- [Instructions to follow]: Please write out every entry below exactly, leaving out any pictures.

··· Source material ···

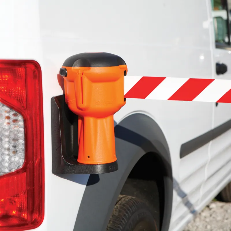 Met deze wandhouder kunt je snel een zone markeren of afzetten, omdat geen afzetkegel of afzetpaal nodig is om de afzetlinthouder vast te maken. Plaats de Skipper afzetlinthouder op deze wandhouder, en verbind het uittrekbare afzetlint met de volgende afzetlinthouder om het gewenste gebied af te bakenen. De wandsteun kan met schroeven eenvoudig worden gemonteerd dankzij de voorgeboorde gaten in de houder. Deze wandsteun is ook leverbaar met magneten zodat de houder vast gemaakt kan worden aan bijvoorbeeld een voertuig of aan een ander magnetisch oppervlak. Op deze wandhouder kunnen alle Skipper afzetlinthouder modellen worden vastgezet. Deze houder is ideaal voor terreinen die regelmatig afgezet moeten worden. De Skipper afzetlinthouder kan permanent op deze wandsteun blijven zitten. Als het terrein afgezet moet worden dan neem je het afzetlint uit de oprolautomaat en verbind deze met een Skipper zuignaphouder of magnetische houder.
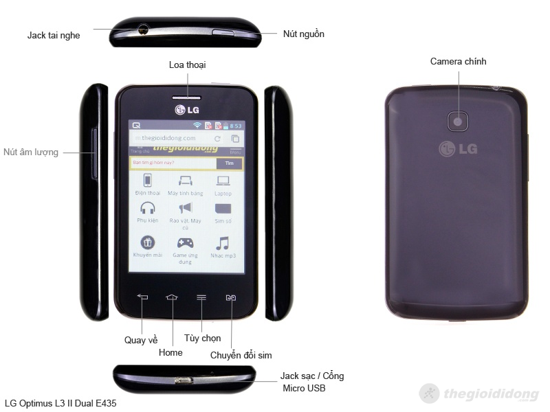 Một smartphone giá rẻ, cảm ứng, chạy hệ điều hành Android mới, lướt web nhanh chóng và hỗ trợ 2 sim chính là những gì mà LG Optimus L3 II Dual E435 sẽ mang lại cho bạn.
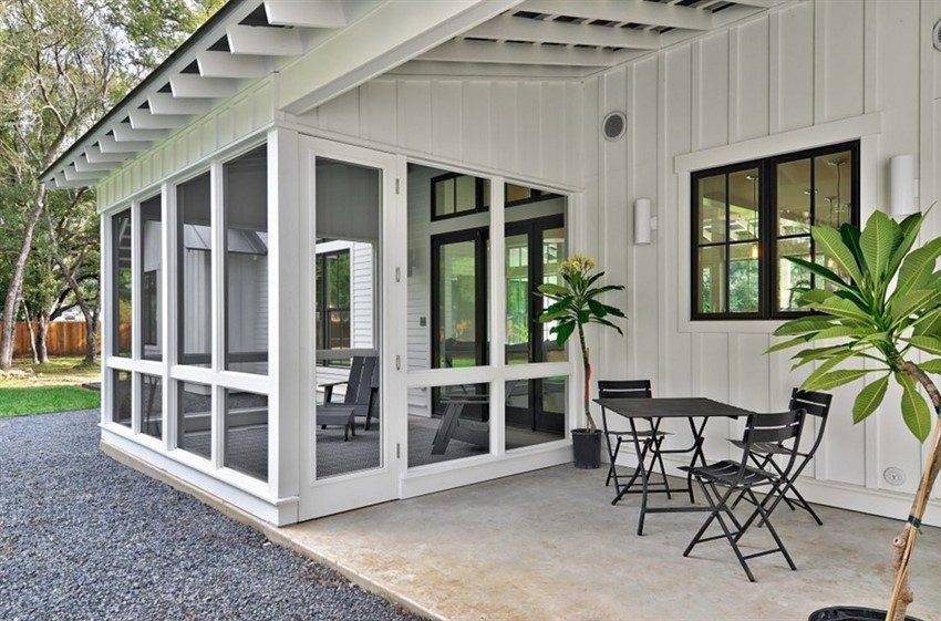 Такой вариант еще и более бюджетный, он может быть реализован на любом этапе строительства или эксплуатации дома. Закрытое деревянное крыльцо дает возможность спрятать все огрехи, возникающие на этапе строительства;
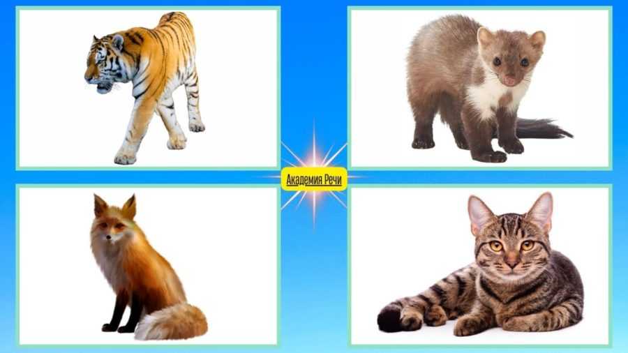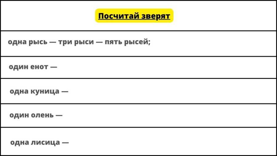 Педагог называет животное. Воспитанники называют этих же зверей в количестве трех и пяти особей. Например:
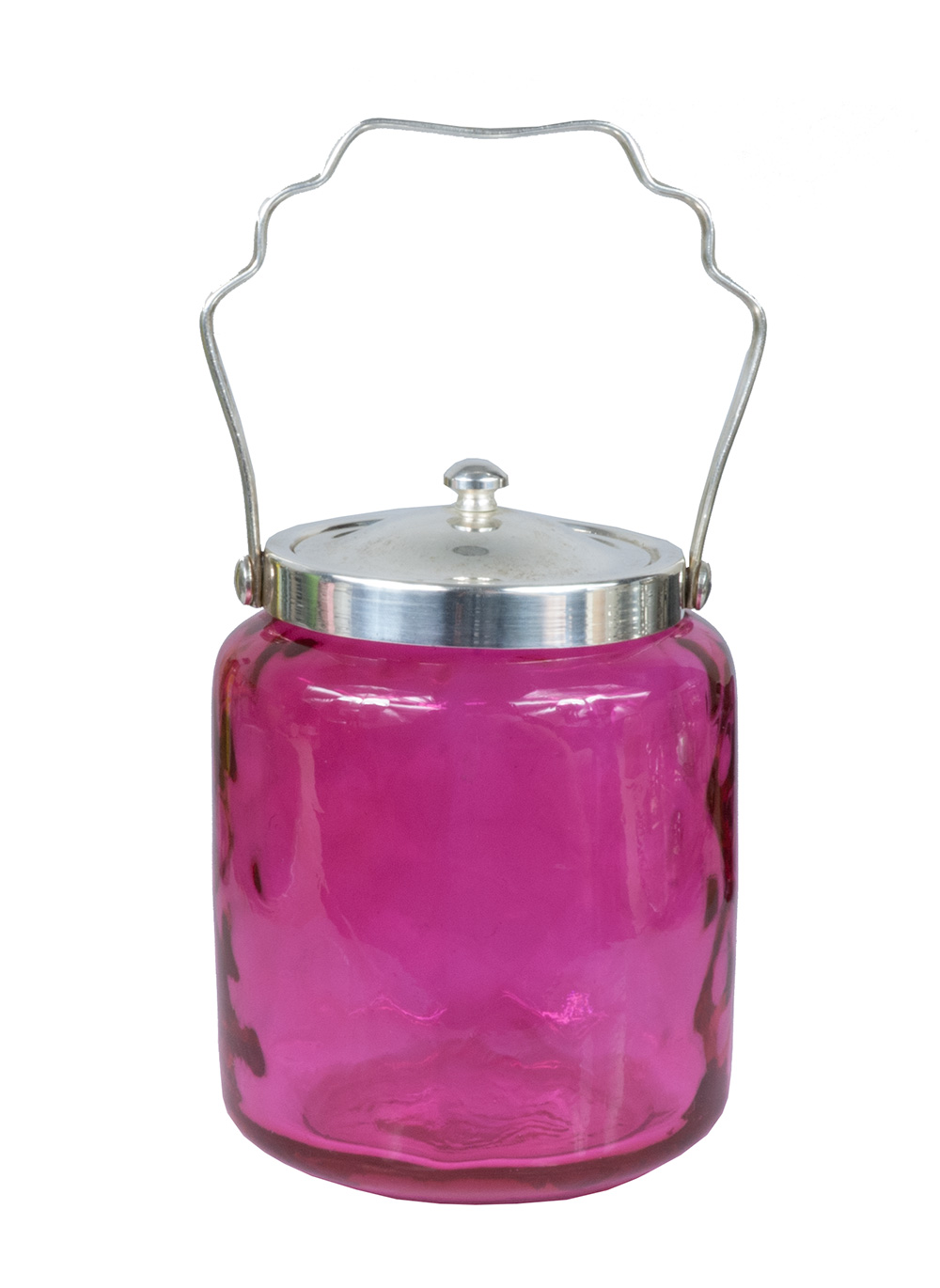 Glass cookie jar with moving handle and silver plate lid.
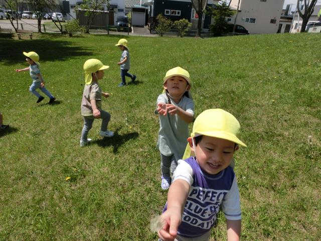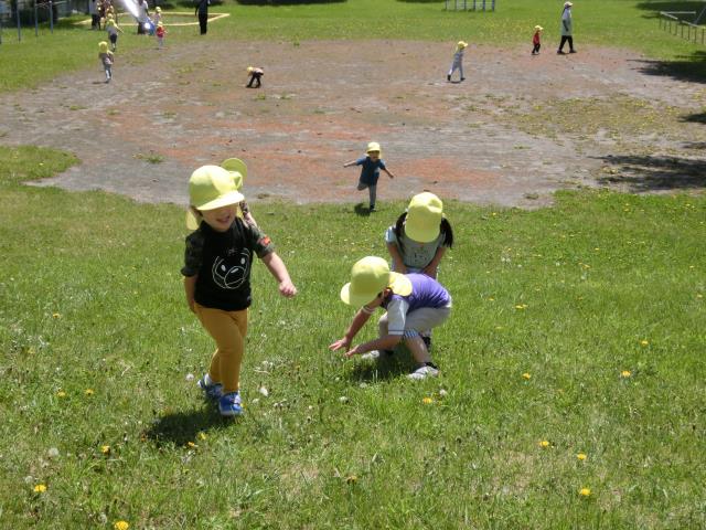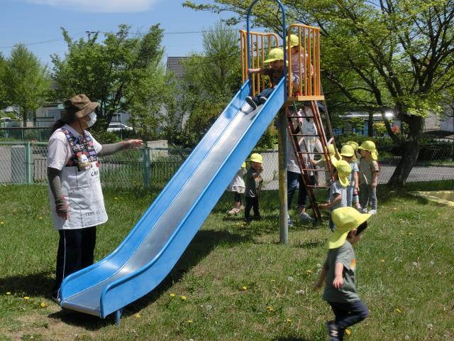 先生と追いかけっこをしたり、たんぽぽの腕時計をつけてもらったり、すべり台を滑ったり。
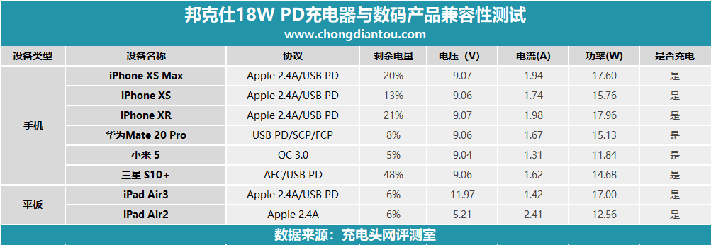 邦克仕18W PD充电器兼容性测试完毕,数据制成表格方便大家查看。这款充电器兼容性很不错,与USB PD、QC协议的测试设备均能兼容开启对应快充。
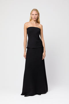 The FWSS Amara Strapless Top is bias-cut in a textured fabric for a fluid, flattering drape. Designed with a curved neckline, internal elastic with silicone trim, a shaped waist for secure fit, and a concealed back zip, it offers a modern, understated take on eveningwear. Pair with the Amara Maxi Skirt for an effortlessly elegant set.
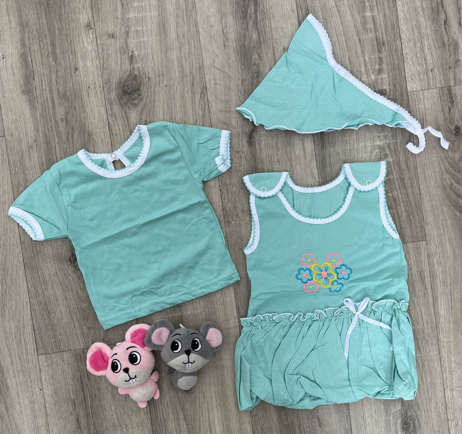 Комплект "Квіточки" м'ятний, дівчинка 9-12-18 місяців оптом уп. - 3 шт.
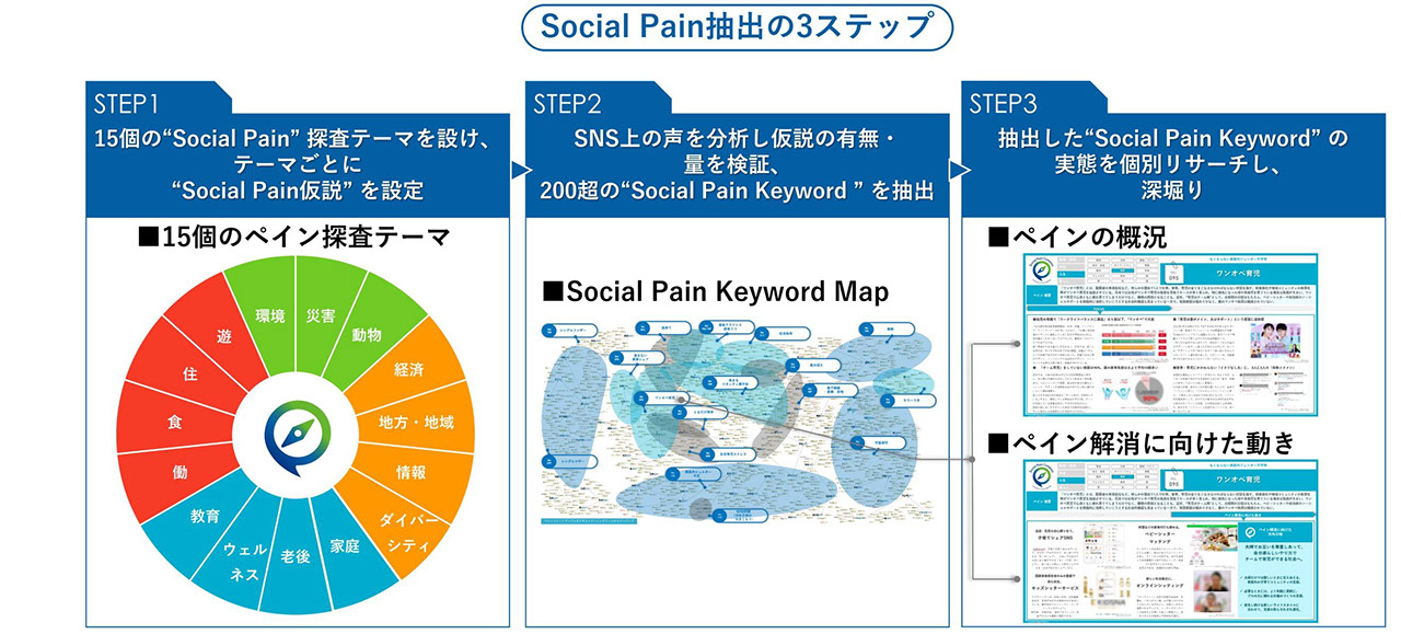 Step1:15個のSocial Pain探査テーマ※を設け、テーマごとに"社会的に不満とされている事象"を一次研究し、"Social Pain仮説" を抽出
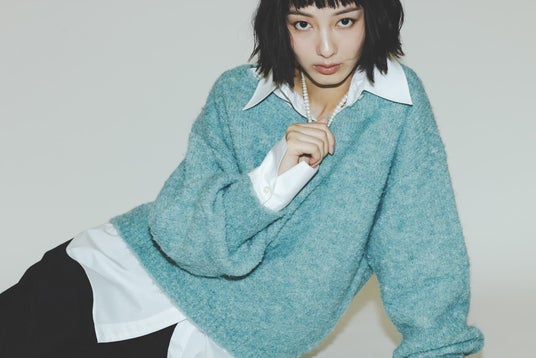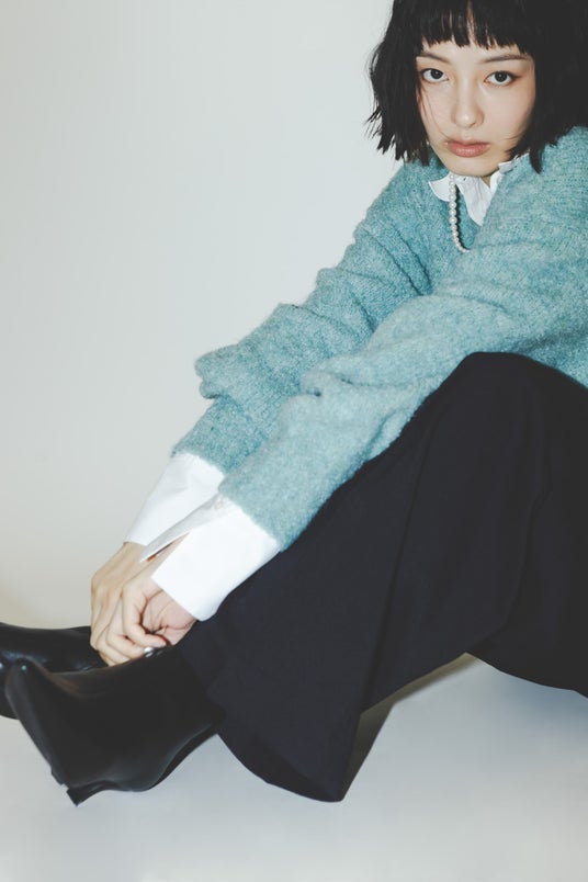 ブークレVネックニットプルオーバー ¥10,230(税込) カラー:ライトベージュ/モカ/グリーン サイズ:F

···

- [Task output]:
 Met deze wandhouder kunt je snel een zone markeren of afzetten, omdat geen afzetkegel of afzetpaal nodig is om de afzetlinthouder vast te maken. Plaats de Skipper afzetlinthouder op deze wandhouder, en verbind het uittrekbare afzetlint met de volgende afzetlinthouder om het gewenste gebied af te bakenen. De wandsteun kan met schroeven eenvoudig worden gemonteerd dankzij de voorgeboorde gaten in de houder. Deze wandsteun is ook leverbaar met magneten zodat de houder vast gemaakt kan worden aan bijvoorbeeld een voertuig of aan een ander magnetisch oppervlak. Op deze wandhouder kunnen alle Skipper afzetlinthouder modellen worden vastgezet. Deze houder is ideaal voor terreinen die regelmatig afgezet moeten worden. De Skipper afzetlinthouder kan permanent op deze wandsteun blijven zitten. Als het terrein afgezet moet worden dan neem je het afzetlint uit de oprolautomaat en verbind deze met een Skipper zuignaphouder of magnetische houder.
 Một smartphone giá rẻ, cảm ứng, chạy hệ điều hành Android mới, lướt web nhanh chóng và hỗ trợ 2 sim chính là những gì mà LG Optimus L3 II Dual E435 sẽ mang lại cho bạn.
 Такой вариант еще и более бюджетный, он может быть реализован на любом этапе строительства или эксплуатации дома. Закрытое деревянное крыльцо дает возможность спрятать все огрехи, возникающие на этапе строительства;
 Педагог называет животное. Воспитанники называют этих же зверей в количестве трех и пяти особей. Например:
 Glass cookie jar with moving handle and silver plate lid.
 先生と追いかけっこをしたり、たんぽぽの腕時計をつけてもらったり、すべり台を滑ったり。
 邦克仕18W PD充电器兼容性测试完毕,数据制成表格方便大家查看。这款充电器兼容性很不错,与USB PD、QC协议的测试设备均能兼容开启对应快充。
 The FWSS Amara Strapless Top is bias-cut in a textured fabric for a fluid, flattering drape. Designed with a curved neckline, internal elastic with silicone trim, a shaped waist for secure fit, and a concealed back zip, it offers a modern, understated take on eveningwear. Pair with the Amara Maxi Skirt for an effortlessly elegant set.
 Комплект "Квіточки" м'ятний, дівчинка 9-12-18 місяців оптом уп. - 3 шт.
 Step1:15個のSocial Pain探査テーマ※を設け、テーマごとに"社会的に不満とされている事象"を一次研究し、"Social Pain仮説" を抽出
 ブークレVネックニットプルオーバー ¥10,230(税込) カラー:ライトベージュ/モカ/グリーン サイズ:F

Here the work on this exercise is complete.